I do not think of myself as a therapist who lets my clients entirely drive the counseling process. I tend to be fairly interactive in offering feedback to clients on their skills and resources. I am respectful of the social work edict "Start where the client is and stay with him/her." To me this means that I should be respectful of where my clients want to focus, but it doesn't prevent me from testing whether they are ready to be pushed to new places. If they have had an infertility intervention for months that isn't working, I am likely to push them to ask their physician to make a plan with them that includes how long to continue with one intervention before moving on to a different one. If they have spent many dollars and many years on infertility treatment, I may revisit an earlier statement that they won't consider adoption or a surrogate, by asking if they would consider collecting information about either of their previously rejected options. If I see areas of difficulty on which they have not asked for my help, I may make an observation that such-and-such an issue seems to be an "elephant in the room," and I am wondering whether there is a reason they haven't felt ready to examine it. So, even as I try to stay apace with my clients' issues, I also push and prod a bit, just to see whether new growth and resilience enables them to feel resilient enough to consider new directions. If not, I step back, and I am not surprised when, weeks later, they may raise the question of the proverbial elephant for future examination.



Before closing, I will mention two last areas that are neither process or content related. The first is that, as a social worker, I believe that it falls in my realm to teach and to provide advocacy when clients are treated poorly. Occasionally, clients will report to me behavior in an infertility setting that I consider unprofessional. Often their distress is severe enough that they are considering ending treatment with that provider. In the dozen or so cases I have encountered, I have shared with the client my perception that they are on target in objecting to unprofessional communication, and that I would be more than willing either to help them think about how to address this directly or how I might (with their permission) bring this incident to the attention of their provider. In each case, the resolution has been highly satisfactory, always resulting in an apology to my clients, and sometimes resulting also in in-service training for staff so that they understand rude or dismissive remarks will not be tolerated. The second area I will mention is that, as clients and I are preparing to end our sessions, I make clear to them my continued availability if their circumstances should bring a rise in stress or other unforeseen difficulties. Sometimes clients whom I believe are ready to end our counseling relationship will be more ready to accept that encouragement from me if I offer "booster sessions" every 6 to 8 weeks, simply to reassure them that I'm there if they run into bumps in the road.

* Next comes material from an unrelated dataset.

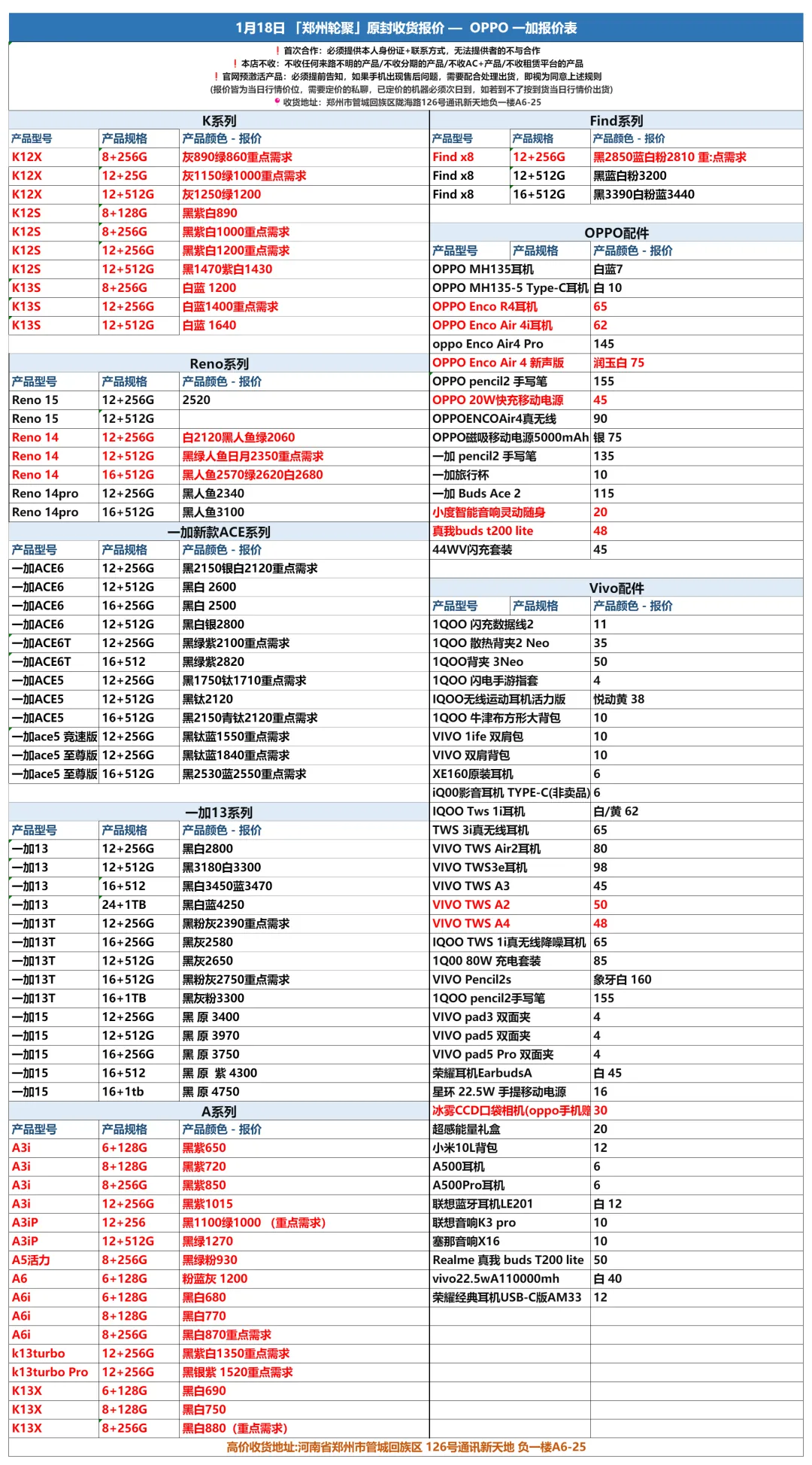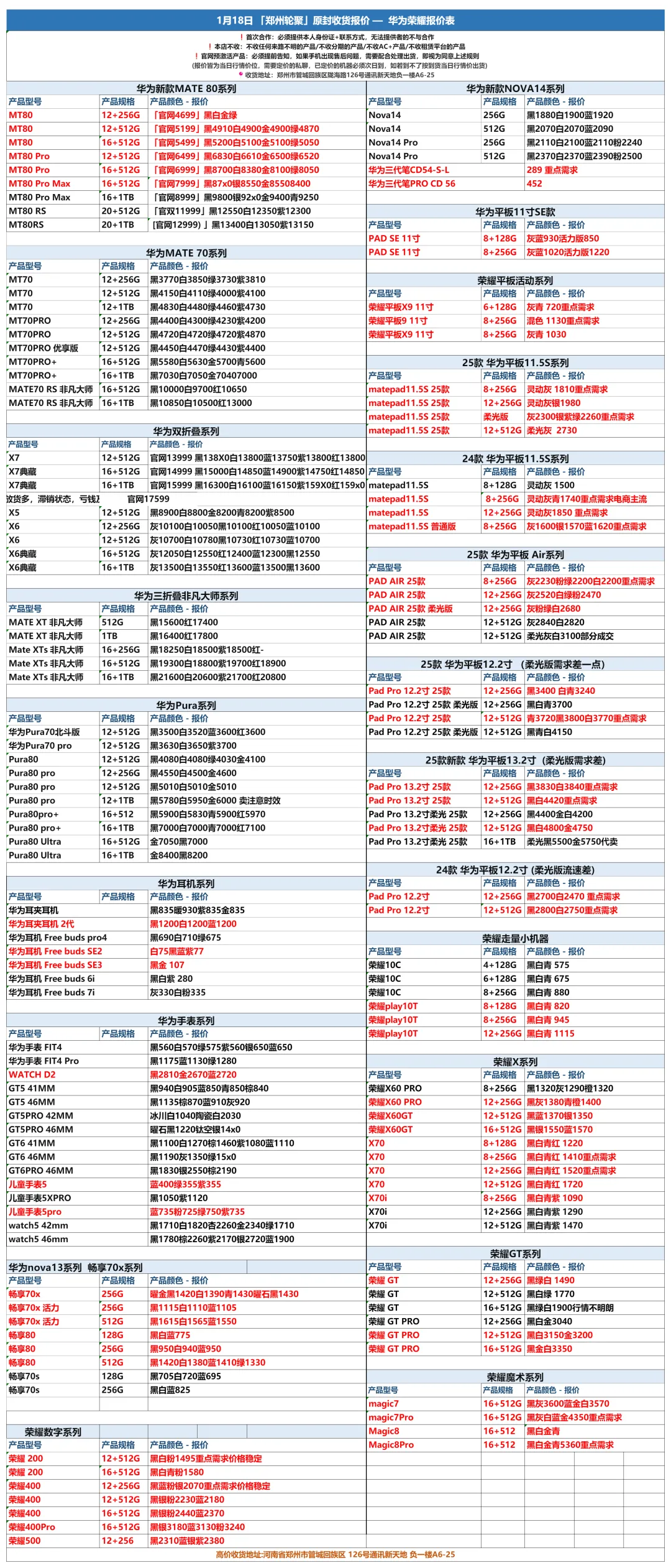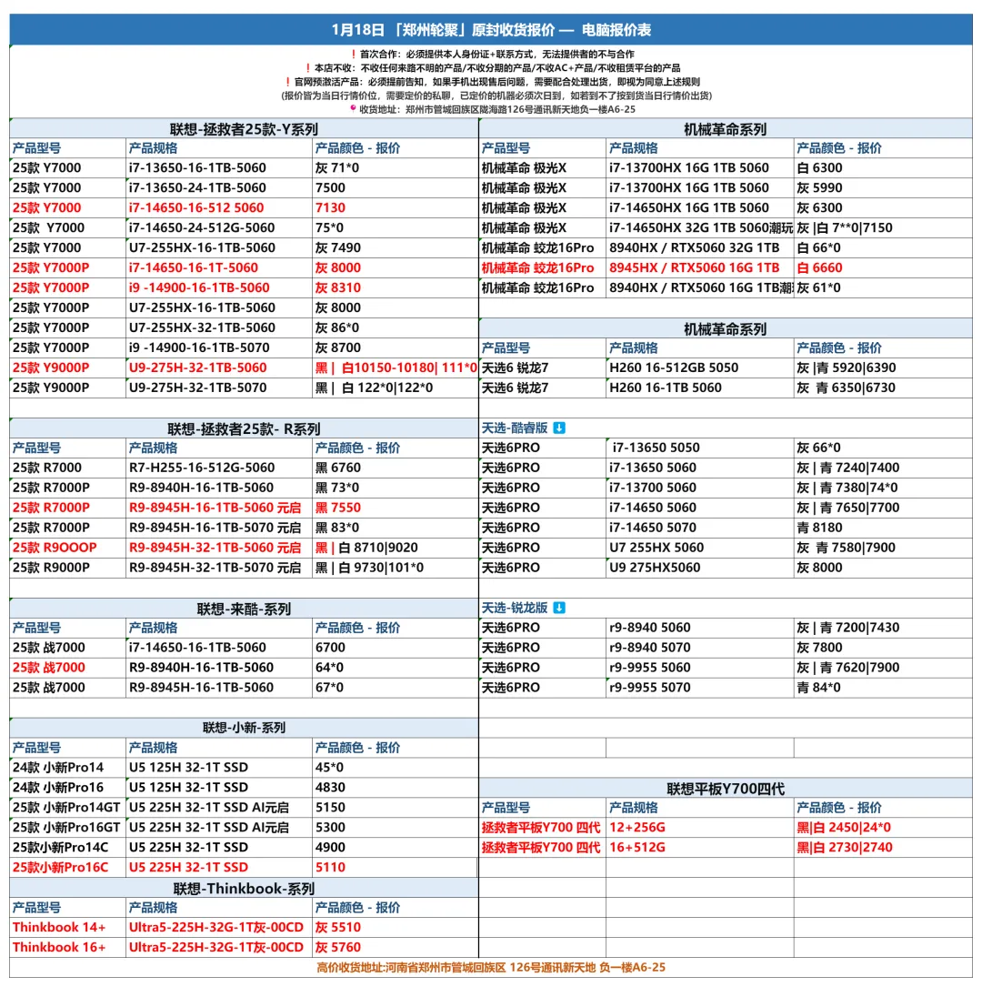 郑州轮聚通讯 2026年1.18日数码报价更新

So, for those of you who are contemplating seeking counseling for any of your infertility issues, I hope that my own disclosures about the way I think of the counseling experience will help you in your own interactions with a therapist. Keep in mind that not everyone shares my perspective that client partners are the first choice when providing counseling, nor that the families of the couple may be the "elephants in the room," nor that the therapist takes as active a role as I do, nor that assertive behavior with health care providers is a place for therapeutic intervention. But all therapists should be able to be clear with you about areas in which they can offer new knowledge and skills, how they observe confidentiality, and their comfort with the ever-so-present issues of loss and mis-communication.